Economic forces and policy led to an increase in the China dairy cow herd from 7.1 million head in 2000 to 8.4 million head in 2013. The USDA projects China’s dairy herd will increase by 500,000 cows in 2014.
China’s challenge with increasing domestic dairy production is its inability to feed the growing number of animals. China’s domestic hay industry is hampered by poor weather and growing conditions.
Although the Chinese government is embarking on a major program to improve domestic alfalfa production, most experts believe that domestic production will not satisfy domestic
Chinese demand for at least the next five to 15 years. In addition, most large dairy operations are located within urban settings in eastern China and are a long distance from the hay-growing regions of western China, making efficient transport of hay to the dairies challenging.
In recent years, the changes in China have been a boon for the bottom line of U.S. hay producers. U.S. hay exports to China, which were just over 2,000 tons in 2007, have grown to about 888,000 tons in 2013.
The USDA’s Foreign Agriculture Service (USDA-FAS) post in China states that U.S. hay accounted for about 94 percent of China’s 2013 hay imports. China’s strong demand for U.S. hay, which is recognized for its high quality, is expected to continue.

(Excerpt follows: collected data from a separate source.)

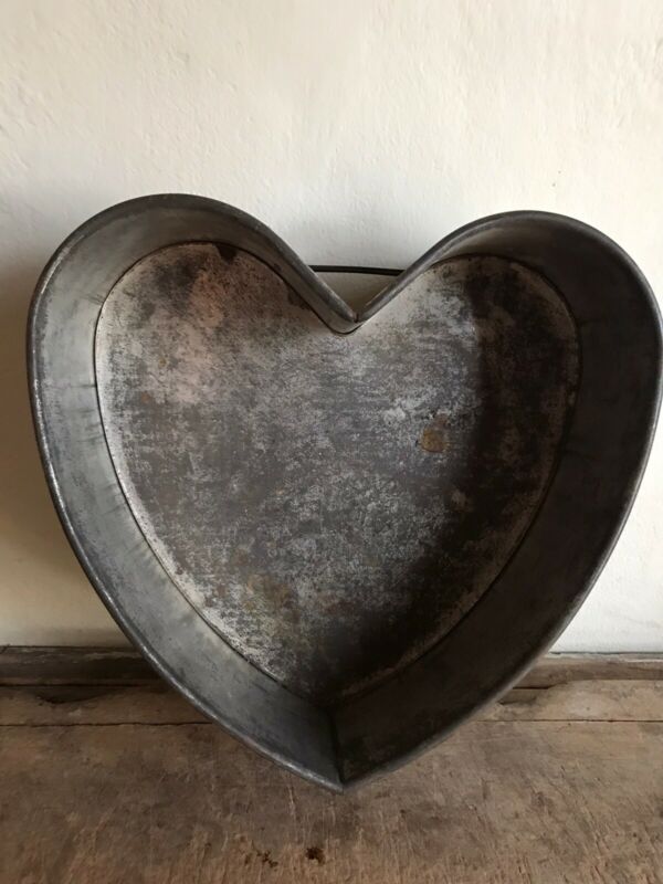 BIG OLD Tin Heart Form Mold Pan Patina AAFA
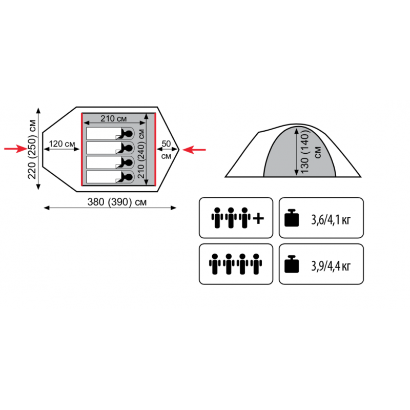 - Ткань внутренней палатки: Polyester дышащий;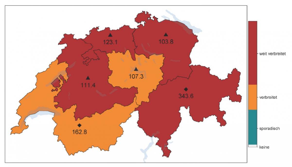 Die Inzidenz war in der Altersklasse der 0- bis 4-Jährigen am höchsten (Tabelle 1). Die Grippe ist in den Regionen 1 (GE, NE, VD, VS) und 4 (LU, NW, OW, SZ, UR, ZG) verbreitet, und in den Regionen 2 (BE, FR, JU), 3 (AG, BL, BS, SO), 5 (AI, AR, GL, SG, SH, TG, ZH) und 6 (GR, TI) weit verbreitet (Grafik 2, Kasten). In Regionen 2,3,5 und 6 sowie in allen Altersklassen ausser in der Altersklasse der 0- bis 4-Jährigen ist die Inzidenz steigend.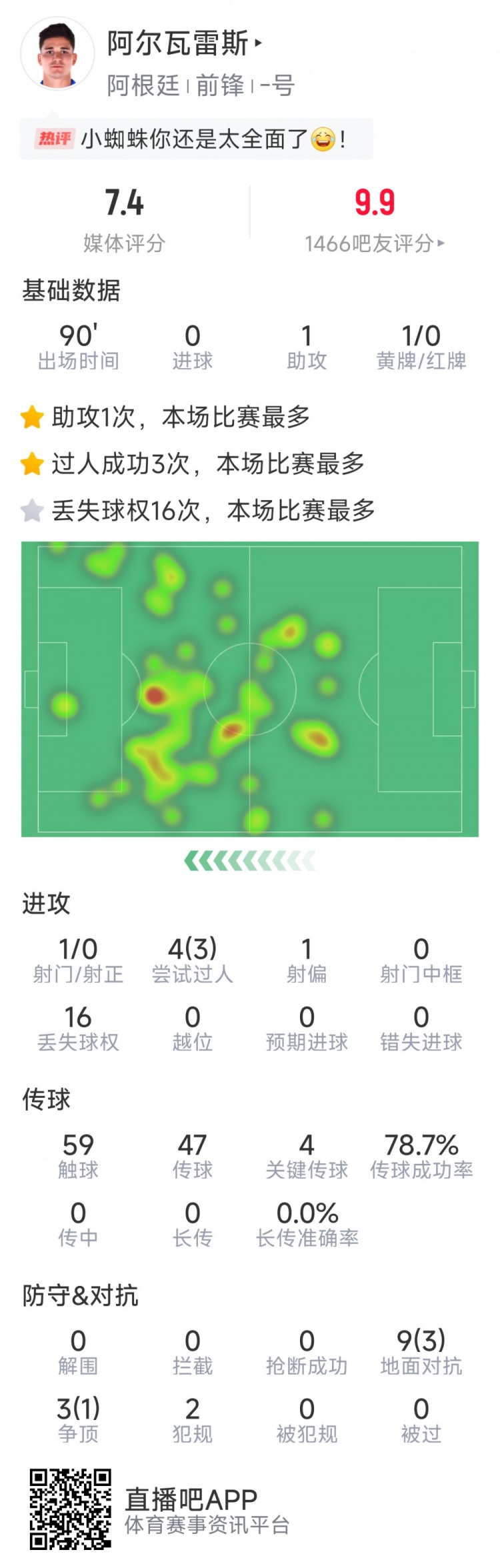 3月22日訊 在本輪南美區(qū)世預(yù)賽,阿根廷1-0擊敗烏拉圭,阿爾瓦雷斯首發(fā)出戰(zhàn)表現(xiàn)出色,以下為他在本場數(shù)據(jù):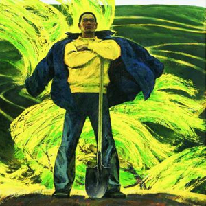 《潮》这幅作品由詹建俊创作于1984年。画面重点表现了一位新时代的农民,他手扶铁锹,昂首挺立,自信而豪迈地站在绿潮涌动、充满着希望的田野上;被风掀起的大衣弧线与身后绿潮的旋涡形成对应;简洁而富有强烈视觉对比的颜色营造出热烈明亮的色彩氛围。画家以浪漫主义的情怀描绘了改革开放后农民的新面貌,舞动的外衣、矗立的铁锨、周围飞动的风潮与主体人物的内心憧憬形成一种意向性的表述,暗示了一代中国人在新时期充满渴望的雄心壮志。这幅作品也被誉为“上世纪80年代中国改革开放的缩影”,荣获第六届全国美展金奖。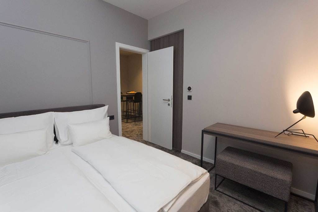 Dvokrevetna Comfort soba nudi sve što očekujete od smeštaja u centru grada. Veliki kreveti i zvučna izolacija savršena su kombinacija da se svako jutro probudite odmorni i spremni za ponovno istraživanje grada. Privatno kupatilo uključuje walk-in tuš, a u samoj sobi čeka vas Nespresso aparat uz koji možete još više uživati ​​u pogledu na grad uz šolju kafe.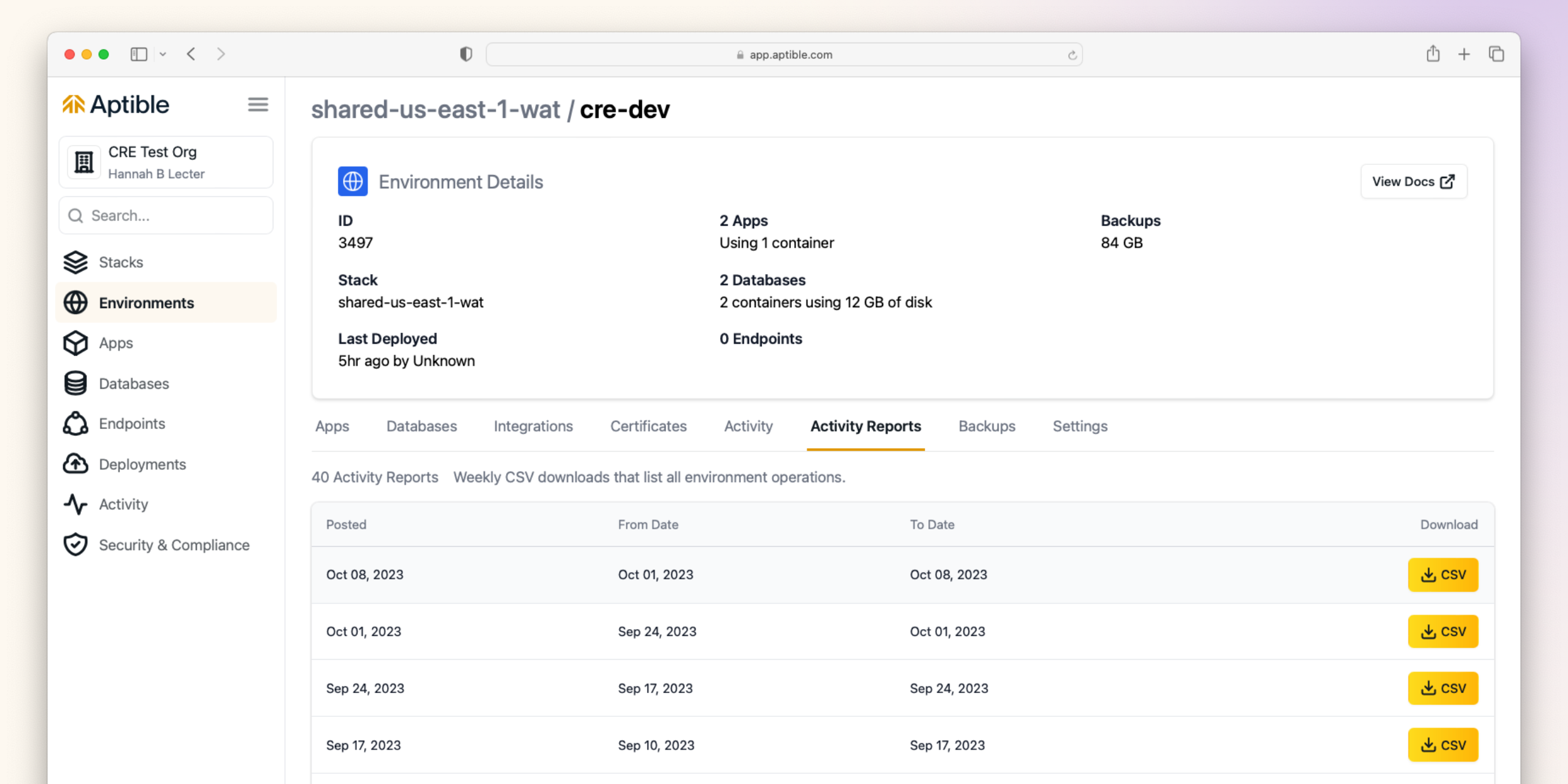 📘 Tip: Troubleshooting with our team? Link the Aptible Support team to the logs for the operation you are having trouble with.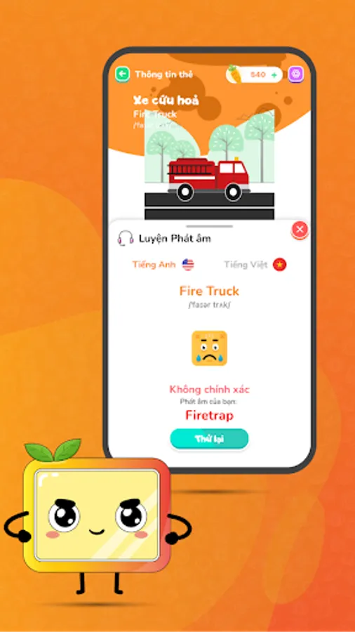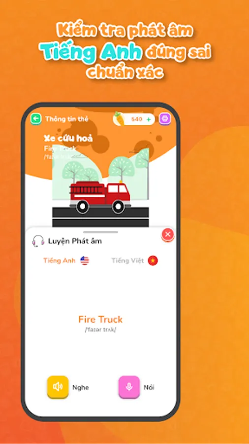 - Integrated English - Vietnamese bilingual, evaluate correct pronunciation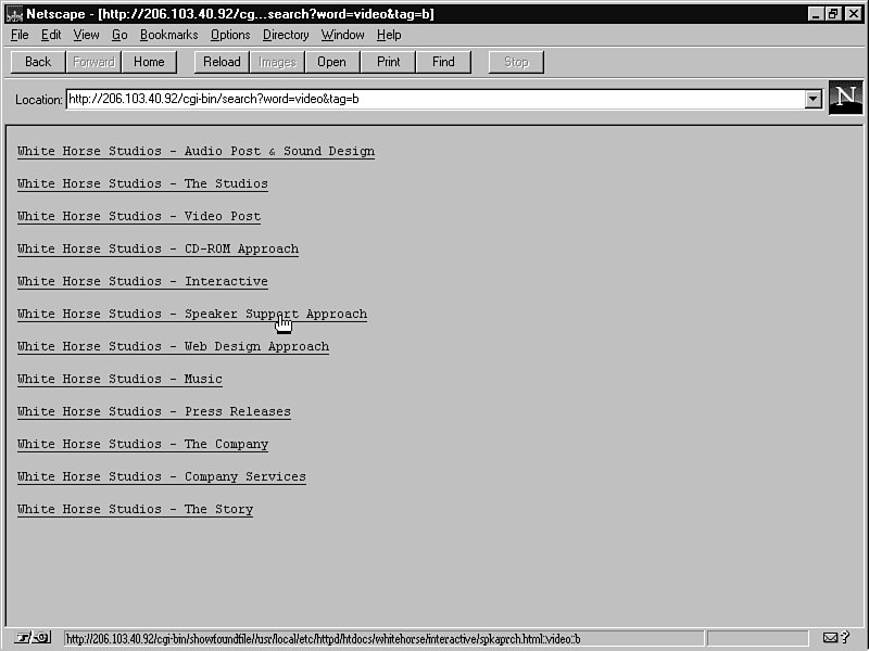 As I described this script, you may have noticed that it is not perfect. The script requires all the HTML files to have a body tag, for example; it needs img and a tags to start on the same line as their src and href attributes. The script also may behave poorly if the search text was an HTML tag or an attribute to a tag. In the applications in which I've employed this system, these facts didn't matter, because the sites had solid HTML code to begin with-and also were sites whose users were extremely unlikely to search for HTML tags and attributes. You will want to take these limitations into consideration before you implement a search of this kind; you may need to modify it to fit your needs.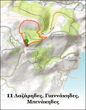 11 – Λαζάρηδες – Γιαννάκηδες – Μπενάκηδες 3,5 χλμ. / 1 ώρες 45 λεπτάΒαθμός δυσκολίας: εύκολη / μέτρια διαδρομή Εκκίνηση: Λαζάρηδες…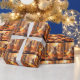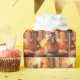 Ett chipmunk har en orange tutu på en träd-stump i en höstskog och bildar en hjärtform med tassar

China’s expanding appetite for dairy products benefits U.S. hay producers via increased U.S. dairy product exports to China.
Demand for dairy products in China is expected to outdistance domestic supply for the foreseeable future, and local productions will shift to production of beverage products.
For example, Chinese dry milk powder imports, which averaged about 56,000 tons from 2005 through 2009, topped out at 200,000 tons in 2013, and the USDA-FAS expects this to increase another 11 percent in 2014.
The economic circumstances in the Arabian Peninsula and China will make the demand for U.S. forage products strong for the foreseeable future. The U.S. forage producers’ ability to satisfy export and domestic demand will depend on increased crop productivity per land unit, and especially per irrigation water unit. FG
William A. Matthews is a project scientist with University of California. Daniel H. Putnam is an extension specialist, alfalfa and forage crops, University of California. Daniel A. Sumner is director of University of California Agricultural Issues Center. Frank H. Buck Jr. is a professor with the Department of Agricultural and Resource Economics, University of California – Davis.